JAKARTA -- Salah satu potensi maladministrasi dalam industri kelapa sawit terletak pada aspek perizinan. Hal tersebut menciptakan potensi kerugian bagi perkebunan kelapa sawit rakyat sejumlah Rp 111,6 triliun per tahun.
Anggota Ombudsman RI, Yeka Hendra Fatika, menjelaskan, lemahnya aspek perizinan, terutama dalam hal pendataan surat tanda daftar budidaya (STDB) dan Sertifikat Indonesian Sustainable Palm Oil (ISPO), berdampak pada menurunnya produktivitas lahan perkebunan sawit. Akibatnya, produktivitas Tandan Buah Segar (TBS) pun tidak bisa mencapai tingkat optimal.
Saat ini, rata-rata nasional produktivitas TBS di Indonesia hanya 12,8 ton per hektare. Sebagai perbandingan, perusahaan kelapa sawit di Malaysia dengan sertifikasi MSPO 95 persen pernah mencapai produktivitas sebesar 19 ton per hektare.
"Ada selisih produktivitas sekitar 6,2 ton per hektare TBS," katanya dalam acara Penyerahan Laporan Hasil Analisis Kajian Sistemik kepada 12 Instansi Terkait Pencegahan Maladministrasi dalam Layanan Tata Kelola Industri Kelapa Sawit, di Kantor Ombudsman RI, Senin (18/11/2024).
Selain itu, hal tersebut juga disebabkan rendahnya capaian Peremajaan Sawit Rakyat (PSR). Dalam perhitungannya, setiap selisih produksi sebesar 6,2 ton per hektare pada kebun sawit rakyat (6,94 juta ha) dengan harga TBS Rp 3.000 per kilogram, berpotensi menyebabkan kerugian sebesar Rp111,6 triliun per tahun bagi perkebunan kelapa sawit rakyat.
"Produktivitas lahan perkebunan kelapa sawit juga dapat disebabkan praktik perkebunan yang tidak memenuhi standar ISPO," katanya.

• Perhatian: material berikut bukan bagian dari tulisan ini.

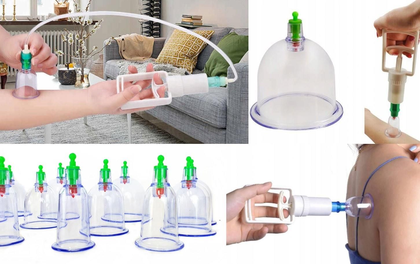 Bańki chińskie próżniowe bezogniowe. Zestaw 12 chińskich baniek próżniowych z końcówkami magnetycznymi i pompką! Doskonały pogromca chorób i cellulitu. Znacznie wygodniejsze i bezpieczniejsze w użyciu niż standardowe, szklane bańki spirytusowe. Komplet chińskich baniek próżniowych o potrójnym działaniu: - działanie podciśnieniem - działanie polem magnetycznym - stymulacja punktów zaostrzonym grotem magnesu Zasada działania: podciśnienie wytwarza się poprzez odessanie powietrza za pomocą specjalnej pompki po wcześniejszym przyłożeniu bańki do skóry, a umieszczony na końcu każdej z nich zawór utrzymuje ten stan w ich wnętrzu. Podczas zabiegu grot magnesu uciska i stymuluje polem magnetycznym punkty akupunkturowe. Grot wykonany z namagnesowanego stopu. Linie pola magnetycznego wnikają na głębokość 12 cm w głąb ciała, odatkowo bańki aktywują punkty akupunkturowe za pomocą podciśnienia oraz powierzchniowej stymulacji, jak w przypadku akupresury. Działanie pola bioelektromagnetycznego pobudza enzymy i wzmacnia odporność organizmu, a połączenie tych kilku terapii jednocześnie łagodzi wiele codziennych dolegliwości, ponadto zwiększa wchłanianie leków i działa relaksująco. Bańki próżniowe (bezogniowe) zyskują coraz większą popularność przez wzgląd na wygodę ich stawiania (dzięki rurce bańki można stawiać bez pomocy drugiej osoby nawet na plecach) oraz na bezpieczeństwo (brak możliwości poparzenia się jak przy bańkach szklanych). Specyfikacja: Materiał: tworzywo sztuczne 12 szt. baniek próżniowych różnej wielkości Pompka i wężyk Końcówki magnetyczne Kolor: przezroczyste Wymiary: 7,5 cm x 6,5 cm, 7 cm x 5,6 cm, 6,5 cm x 5 cm, 6 cm x 4,4 cm, 6 cm x 3,4 cm, 6 cm x 3 cm Produkt wykorzystywany jest w ośrodku The Academy Of Regenerative Medicine, wykorzystując autorską metodę Aliaksandra Haretskiego przeprowadza kompleksowe oczyszczanie i regenerację organizmu. Ta unikalna metoda pozwala nie tylko na uzdrowienie uszkodzonych części ciała, lecz całego organizmu poprzez oczyszczenie go z toksyn, likwidację głównych przyczyn powstania choroby, wzmocnienie układu odpornościowego i uruchomienie samoodnowy organizmu. Metoda ta uznawana jest za jedyną na świecie skuteczną metodę uzdrawiania z wielu chorób nieuleczalnych. Jej skutek uboczny jest wręcz bardzo porządany, gdyż jest nim odmłodzenie i powstrzymanie procesu starzenia się organizmu. Więcej o ośrodku http://www.medycynaludowa.com Zamieszczone w serwisie opisy produktów mają charakter tylko i wyłącznie informacyjny. Nie zastępują konsultacji z specjalistą i nie mogą być podstawą do stosowania jakichkolwiek wyrobów medycznych, środków farmaceutycznych czy form terapii. Wszelkie decyzje w w/w kwestii należy konsultować z specjalistą. Konsultacja online z Aleksander Haretski dostępna w kategorii szkolenia w naszym sklepie medycynaludowa.com/shop/ Описания товаров, размещенные на сайте, носят ознакомительный характер. Они не заменяют консультации у специалиста и не могут быть основанием для применения каких-либо медицинских изделий, лекарственных средств или форм терапии. Все решения по вышеуказанным вопросам должны быть согласованы со специалистом. The product descriptions posted on the website are for informational purposes only. They do not replace consultations with a specialist and cannot be the basis for the use of any medical devices, pharmaceuticals or forms of therapy. All decisions on the above-mentioned issues should be consulted with a specialist. Bańki chińskie Bańki chińskie Bańki chińskie Bańki chińskie Bańki chińskie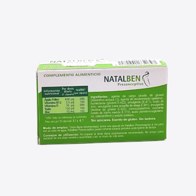 Natalben preconceptivo 30 cápsulas contiene: Ácido fólico, B12, Vitamina D, Yodo y Zinc.

Sebagai informasi, pendataan Surat Tanda Daftar Budidaya (STDB) dalam industri ini baru mencapai 1,54 persen dari 2,5 juta pekebun sawit rakyat. Sementara itu, sertifikasi Indonesian Sustainable Palm Oil (ISPO) juga masih sangat rendah, dengan hanya 35,67 persen dari total luas lahan perkebunan yang mencapai 16,38 juta hektare yang telah memperoleh sertifikat ISPO. "Termasuk di dalamnya ISPO untuk pekebun rakyat sebesar 0,86 persen dari luas lahan perkebunan sawit rakyat 6,94 juta hektare lahan perkebunan sawit rakyat," katanya.
Selanjutnya, soal perizinan ini juga ditemukan adanya ketidakpastian layanan Persetujuan Teknis (Pertek) Pemanfaatan Air Limbah Pabrik Kelapa Sawit untuk aplikasi ke lahan atau disebut land application - limbah cair pabrik kelapa sawit (LA-LCPKS). Hal tersebut disebabkan tidak adanya pedoman penyusunan Kajian Teknis LA-LCPKS bagi pelaku usaha, terutama mengenai baku mutu air dan ambang batas emisi yang harus dipenuhi.